Questions for an anti-Zionist
I don’t actually believe ‘anti-Zionists’ exist, but Beliefnet has an interesting post featuring questions to an anti-Zionist.
Iraqis on their new freedom
Michele has got the quotes and they’re amazing.
I just report it.
Headline: Weight gain may not be as bad for blacks.
And Dawn Summers was all worried.
June 28, 2004
How to tell you love your job
Someone says ‘wow, you did all that today?’ and that doesn’t make you stop working for the rest of the day.
Free Stuff
When people come over to my house and see copies of Maxim or Stuff laying around they ask ‘why do you have those’ and I answer ‘Gary at View From The Wing provided links to get free subscriptions.’ Gary has a whole list up at the moment of freebies so go get yourself some questionable stuff too.
Quote of the Day
‘Any attack carried out from this day forward will unmistakably be one against the Iraqi people.’
-Robert Alt
Via BOTW.
History in pictures
Michael King has some really cool photos of Bush hearing the news that Iraq was now sovereign.

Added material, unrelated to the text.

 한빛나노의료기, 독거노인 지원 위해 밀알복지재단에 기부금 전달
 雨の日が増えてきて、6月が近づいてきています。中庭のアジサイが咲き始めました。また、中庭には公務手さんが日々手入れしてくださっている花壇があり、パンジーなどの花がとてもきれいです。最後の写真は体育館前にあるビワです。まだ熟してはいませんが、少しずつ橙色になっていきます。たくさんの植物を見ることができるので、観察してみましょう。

I love the looks on his and Tony Blair’s faces. I highly recommend taking a look.
Less Moore
Spot On’s favorite liberal Dawn Summers saw Fahrenheit 911 and didn’t think it was all that.

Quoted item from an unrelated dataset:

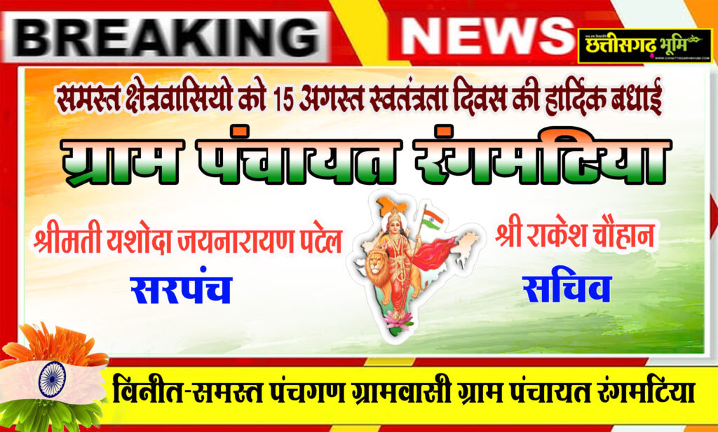 समस्त क्षेत्रवासियों को 15 अगस्त स्वतंत्रता दिवस की हार्दिक शुभकामनाएं एवं बधाई ग्राम पंचायत रंगमटिया
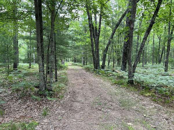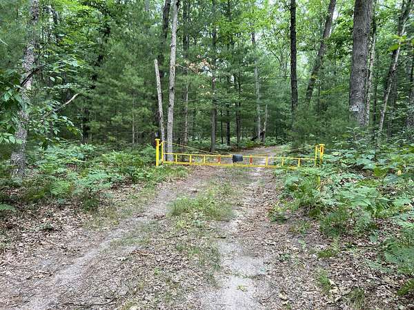 10 1/2 Mile West to Bass Lake Road then South to 7 Mile Road, continue West on 7 Mile Road 8/10 of a Mile to yellow gate on North. Follow through gate North at split turn left to cabin.

Two details that I was privy to that she left out: Michael Moore greeted the line waiting to see the film (Dawn sent me a photo mocking me that I wasn’t there to spit at him) and that Dawn was reading ‘The Official Handbook of the Vast Right Wing Conspiracy’ by Mark Smith in line as she met Moore.
Oh, and also, my brother called Fahrenheit 911 ‘propaganda’, another detail she leaves out.